The greatest of human teachers, Paul accepted the lowliest as well
as the highest duties. He recognized the necessity of labor for the hand
as well as for the mind, and he wrought at a handicraft for his own
support. His trade of tent making he pursued while daily preaching
the gospel in the great centers of civilization. “These hands,” he
said, at parting with the elders of Ephesus, “have ministered unto my
necessities, and to them that were with me.”
Acts 20:34
.
While he possessed high intellectual endowments, the life of Paul
revealed the power of a rarer wisdom. Principles of deepest import,
principles concerning which the greatest minds of this time were
ignorant, are unfolded in his teachings and exemplified in his life. He
had that greatest of all wisdom, which gives quickness of insight and
sympathy of heart, which brings man in touch with men, and enables
him to arouse their better nature and inspire them to a higher life.
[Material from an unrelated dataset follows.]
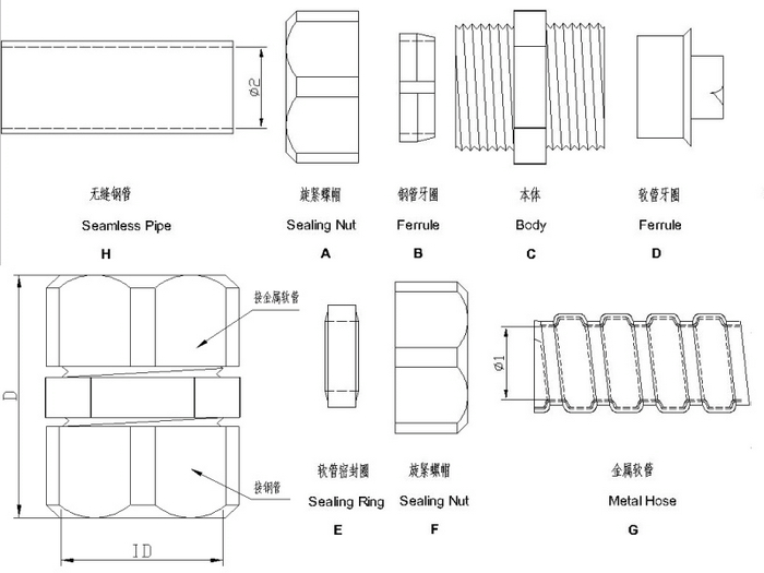 The order shall indicate the model of metal conduit and steel pipe. For example, JGJ-15-15B indicates that one end is connected with 15 metal conduit and the other end is 15 thick steel pipe. In addition, the model of round nut is provided. Please call for specific consultation |
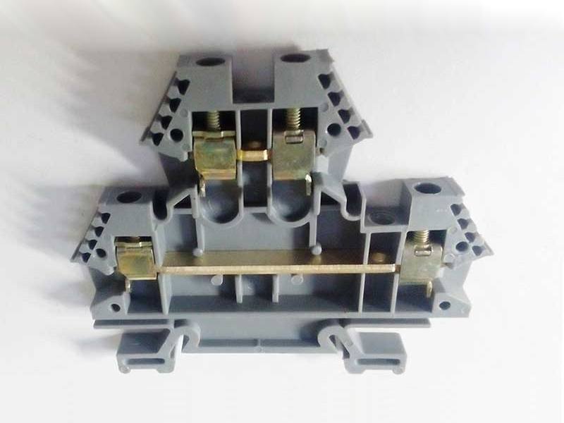 Per cablaggio su guida DIN con doppi contatti a vite sovrapposti, da 4 mmq.

Listen to his words before the heathen Lystrians, as he points them
to God revealed in nature, the Source of all good, who “gave us rain
from heaven, and fruitful seasons, filling our hearts with food and
gladness.”
Acts 14:17
.
See him in the dungeon at Philippi, where, despite his pain-racked
body, his song of praise breaks the silence of midnight. After the
earthquake has opened the prison doors, his voice is again heard, in
words of cheer to the heathen jailer, “Do thyself no harm: for we are all
here” (
Acts 16:28
)—every man in his place, restrained by the presence
of one fellow prisoner. And the jailer, convicted of the reality of that
[67]
faith which sustains Paul, inquires the way of salvation, and with his
whole household unites with the persecuted band of Christ’s disciples.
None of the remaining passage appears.